I parked in my usual spot at the brick wall behind the 36 club. It's a Dickson St staple fine dining spot with lots of unattended parking. I hiked up my pants that were dragging on the heels of my converse and buttoned the lower button of my shirt in a bent over, half slump, doing a few things at the same time kinda way. I crossed paths with a tall short haired, well-groomed guy in a tie, either a frat boy or a waiter and walked passed him to Brewskis. It was a quick walk-through. I couldn't really bring myself to stick around so I turned back up the street to drop in at the theater and head home.

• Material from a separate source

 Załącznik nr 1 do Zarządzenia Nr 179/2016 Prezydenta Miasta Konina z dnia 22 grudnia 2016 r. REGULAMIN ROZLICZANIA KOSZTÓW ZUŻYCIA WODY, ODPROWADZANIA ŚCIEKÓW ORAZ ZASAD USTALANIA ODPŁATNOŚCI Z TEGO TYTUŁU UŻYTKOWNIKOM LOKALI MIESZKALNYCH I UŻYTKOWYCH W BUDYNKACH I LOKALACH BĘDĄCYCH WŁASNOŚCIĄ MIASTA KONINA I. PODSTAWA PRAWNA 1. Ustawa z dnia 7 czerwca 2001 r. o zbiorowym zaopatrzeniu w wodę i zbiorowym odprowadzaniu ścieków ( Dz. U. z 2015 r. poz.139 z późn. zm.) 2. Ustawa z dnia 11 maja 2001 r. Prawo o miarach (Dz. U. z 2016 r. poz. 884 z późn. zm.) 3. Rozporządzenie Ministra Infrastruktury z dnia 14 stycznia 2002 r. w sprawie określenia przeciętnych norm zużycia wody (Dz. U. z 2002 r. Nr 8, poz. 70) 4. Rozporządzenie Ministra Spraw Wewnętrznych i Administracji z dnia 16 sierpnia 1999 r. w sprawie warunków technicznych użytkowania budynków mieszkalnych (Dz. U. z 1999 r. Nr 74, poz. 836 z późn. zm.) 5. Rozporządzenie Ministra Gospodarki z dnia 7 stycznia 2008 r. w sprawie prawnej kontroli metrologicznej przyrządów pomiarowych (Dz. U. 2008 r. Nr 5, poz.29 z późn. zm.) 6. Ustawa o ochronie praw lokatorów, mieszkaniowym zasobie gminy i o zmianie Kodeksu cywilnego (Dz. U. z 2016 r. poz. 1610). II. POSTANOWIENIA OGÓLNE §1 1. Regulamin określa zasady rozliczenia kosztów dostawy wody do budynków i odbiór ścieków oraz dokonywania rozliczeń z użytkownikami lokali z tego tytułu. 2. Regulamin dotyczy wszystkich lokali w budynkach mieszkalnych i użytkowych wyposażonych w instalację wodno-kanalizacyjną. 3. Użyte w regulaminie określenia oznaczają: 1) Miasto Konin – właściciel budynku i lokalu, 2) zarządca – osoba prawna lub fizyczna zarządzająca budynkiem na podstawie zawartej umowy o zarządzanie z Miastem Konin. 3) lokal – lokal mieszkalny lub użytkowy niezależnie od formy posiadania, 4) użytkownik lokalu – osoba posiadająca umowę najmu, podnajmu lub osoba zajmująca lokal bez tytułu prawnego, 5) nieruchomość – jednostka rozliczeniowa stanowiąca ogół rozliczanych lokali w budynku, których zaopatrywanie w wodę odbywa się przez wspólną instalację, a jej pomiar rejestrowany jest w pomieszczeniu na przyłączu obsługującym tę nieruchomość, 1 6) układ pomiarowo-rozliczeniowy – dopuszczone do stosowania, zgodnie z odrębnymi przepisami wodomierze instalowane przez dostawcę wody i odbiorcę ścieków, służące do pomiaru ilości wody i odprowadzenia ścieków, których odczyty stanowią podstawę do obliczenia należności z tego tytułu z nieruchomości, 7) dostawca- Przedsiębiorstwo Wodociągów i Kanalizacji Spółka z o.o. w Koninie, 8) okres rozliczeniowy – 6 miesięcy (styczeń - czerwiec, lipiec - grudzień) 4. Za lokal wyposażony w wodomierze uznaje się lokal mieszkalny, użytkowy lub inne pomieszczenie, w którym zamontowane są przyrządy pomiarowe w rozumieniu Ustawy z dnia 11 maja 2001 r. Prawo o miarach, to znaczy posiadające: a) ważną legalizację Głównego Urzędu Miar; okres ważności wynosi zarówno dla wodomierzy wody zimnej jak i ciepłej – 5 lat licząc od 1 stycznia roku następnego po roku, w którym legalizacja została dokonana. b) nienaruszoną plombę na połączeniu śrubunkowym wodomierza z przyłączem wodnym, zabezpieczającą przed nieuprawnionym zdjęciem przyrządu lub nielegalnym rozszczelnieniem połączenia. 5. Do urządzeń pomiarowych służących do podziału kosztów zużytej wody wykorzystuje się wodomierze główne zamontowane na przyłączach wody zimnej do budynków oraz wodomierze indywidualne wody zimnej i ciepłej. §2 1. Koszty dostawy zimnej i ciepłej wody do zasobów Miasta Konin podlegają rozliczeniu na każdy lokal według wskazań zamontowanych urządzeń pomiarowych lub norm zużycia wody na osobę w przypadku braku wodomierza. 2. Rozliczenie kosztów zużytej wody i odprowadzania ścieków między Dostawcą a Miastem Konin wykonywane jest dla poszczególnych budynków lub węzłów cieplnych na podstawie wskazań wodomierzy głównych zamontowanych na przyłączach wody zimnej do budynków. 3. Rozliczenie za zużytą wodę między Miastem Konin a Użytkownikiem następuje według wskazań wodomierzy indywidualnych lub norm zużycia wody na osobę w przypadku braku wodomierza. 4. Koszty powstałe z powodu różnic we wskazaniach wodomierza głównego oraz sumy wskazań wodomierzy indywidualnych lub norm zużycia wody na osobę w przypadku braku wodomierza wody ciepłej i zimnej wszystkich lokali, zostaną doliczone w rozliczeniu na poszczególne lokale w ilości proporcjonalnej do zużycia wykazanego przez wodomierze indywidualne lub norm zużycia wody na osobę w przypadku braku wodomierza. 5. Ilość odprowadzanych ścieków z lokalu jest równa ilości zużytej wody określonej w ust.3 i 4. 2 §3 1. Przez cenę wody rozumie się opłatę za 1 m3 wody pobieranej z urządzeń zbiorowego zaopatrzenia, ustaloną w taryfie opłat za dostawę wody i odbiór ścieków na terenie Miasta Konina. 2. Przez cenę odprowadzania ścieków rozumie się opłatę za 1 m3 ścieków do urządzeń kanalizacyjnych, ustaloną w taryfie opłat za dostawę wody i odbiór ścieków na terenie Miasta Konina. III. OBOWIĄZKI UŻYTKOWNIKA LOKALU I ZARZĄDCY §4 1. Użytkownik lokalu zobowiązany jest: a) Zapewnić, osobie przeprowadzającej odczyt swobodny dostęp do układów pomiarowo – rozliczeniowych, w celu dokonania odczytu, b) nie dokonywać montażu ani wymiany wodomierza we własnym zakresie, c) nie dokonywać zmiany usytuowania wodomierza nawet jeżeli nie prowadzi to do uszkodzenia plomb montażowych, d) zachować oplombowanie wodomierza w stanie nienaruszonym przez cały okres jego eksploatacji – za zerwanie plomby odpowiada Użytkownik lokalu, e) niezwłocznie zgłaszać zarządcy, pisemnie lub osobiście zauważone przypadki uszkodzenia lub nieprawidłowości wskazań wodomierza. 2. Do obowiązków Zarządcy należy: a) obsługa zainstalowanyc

The theater was the same it's always been and will always be. Fri-Sat-Sun club for the Hip-Hop crowd. The music is terrible the clientele is cheap and 9/10 there's always a fight. A few quick hugs and hellos and that was it. I was done. I was on my way home just as soon as I said hi to Tori and my friends that were texting me from Smoke & Barrel. Walking back passed my car I see the frat boy from earlier. I make the patio across the street from where I'm parked before he starts calling out after me, "Hey!" I turn back to face him and I'm trying to figure out who he is, like is he one of those local kids that I should know and don't. Walking up to me he asked, "Is that black car yours?"
"Yeah, why?" and I still didn't know who the fuck he was.
"Did you scratch my car? it's the Maroon 2000 Mercury Cougar?" Oh god, it's just some high strung waiter from the 36 Club.
"What? No, I didn't scratch anything." And that was all it took for me to get all alpha and all of this to escalate. Quick explanation, when I get accused of things I get short and sound condescending and you could even say I get a little mean.
"Well you were bending down by it, why were you bending down? I think we should just hang out here and see what the cops have to say about this..."
For the next few minutes the tense dialog between us was a back and forth of me insulting his choice of cars and his obviously high strung behavior until the cops showed up. They took statements, looked at my ID, tried to say that my front bumper looked like i had hit something, just really looking for something to make this asshole waiter happy. I fielded questions, was asked why I was seen bending over by his car and I just laughed. seriously? "I don't know why I was bending over."
Cop said " that was ____ ago and you don't remember?" Of course I didn't remember, why would i care? Eventually the whole ordeal blew over after I filled out a statement pulled his note off of my car and the cops sarged off.
I can not talk to cops without seeming guilty apparently. i tried to explain that I would have no motive to do something pointless like that to someone I'd never met and that even if I had done it, why would i bother sitting around or staying parked there next to the car I'd just keyed if that was the case. I hate cops. Nothing every works out with me and police. Ever. Which made me even more glad that I was 100% sober so far. I can just imagine getting a PI or being charged for keying this guy's car if i'd been drinking.
We ended up shaking hands after the police finally left. If i hadn't made an effort to make nice it would have eaten at me for the rest of the night. He apologized and i went to have a cool down beer.
a lot of crazy "i hate cops" texting later I ended up running into my bartender friend and ex's ex BFF Tussy. We would up dancing at a club in a 'Dance off' until we would up drinking shots at Brewskis w/ their entire bar staff until about 3:30.